Yes, I'm a PolarTREC teacher, but because my project is delayed until 2012, I listen to the Live Events and read the journal entries just like everyone else in order to keep up with what's happening on the southern-most continent. I also occasionally enter questions and comments for the teams that are in the field now, including Michelle Brown's AGO (Space Weather) project. ( http://www.polartrec.com/expeditions/space-weather-monitoring-on-the-antarctic-plateau ) Why all this background? It's actually just a long introduction to what's going on simultaneously in Antarctica and Mooresville, North Carolina RIGHT NOW!

Everyone in the family has their amateur radio license (ham radio), My younger son, the electrical engineering student, is more serious than the rest of us and brought some of the radio equipment home from school for the Christmas holiday. On Christmas Day he heard Andy, an operator from the South Pole.
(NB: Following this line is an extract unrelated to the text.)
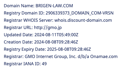 Мы также решили узнать, когда доменное имя brigen law com было зарегистрировано. Для этого запросили информацию о нем из сервиса Whois.В результате выяснили, что домен регистратор выдал 8 августа 2024-го года. То есть на момент написания этого обзора ресурс существует не более 2,5 месяцев. По другим адресам сайт недоступен. Из этого может следовать, что сама компания на рынке недавно.

Knowing that Michelle Brown was at the pole at the time and having seen in one of her journal entries that she'd QSO'd (talked) with people in Boston, I sent her a message that Nick was trying to get through. Unfortunately, he didn't have the right equipment at home to put out enough power to reach the pole, so the operator could not receive him. In the mean time, a number of messages went back and forth via email, Facebook, and PolarTREC Ask The Team entries. It all culminated a short time ago with a phone message to Nick from the number 1. No, it wasn't from Sesame Street! It was Michelle Brown calling via sat phone to tell Nick that the South Pole radio operator was back on if he could try again. He tried and still couldn't get through, but it was fun to have all of this neat interaction going on at once. Thank you Michelle and Andy!

Ham radioTrying to contact South Pole on ham radio.

LEFSE

So what does Lefse have to do with this? Actually (almost) nothing. Lefse is a Norwegian flat bread. Roald Amundsen, the first person to reach the South Pole was Norwegian. My older son (who is coincidentally starting a program in snow science at Montana State University) happened to be in the kitchen at home making Lefse while all of this was going on. Why he was making Lefse is another story in itself - lets just say he learned how to do that in Vancouver, Washington at Thanksgiving. It may be a stretch, but it's another of the connections between the 1911 South Pole Exploration by Amundsen and modern polar research 100 years after Amundsen.

Still don't buy it?! That's OK. It's still fun to be a part of such a great program and to see how it can affect people in so many ways. The best part is that it's available to everyone through the PolarTREC program and on-line resources - even without the Lefse!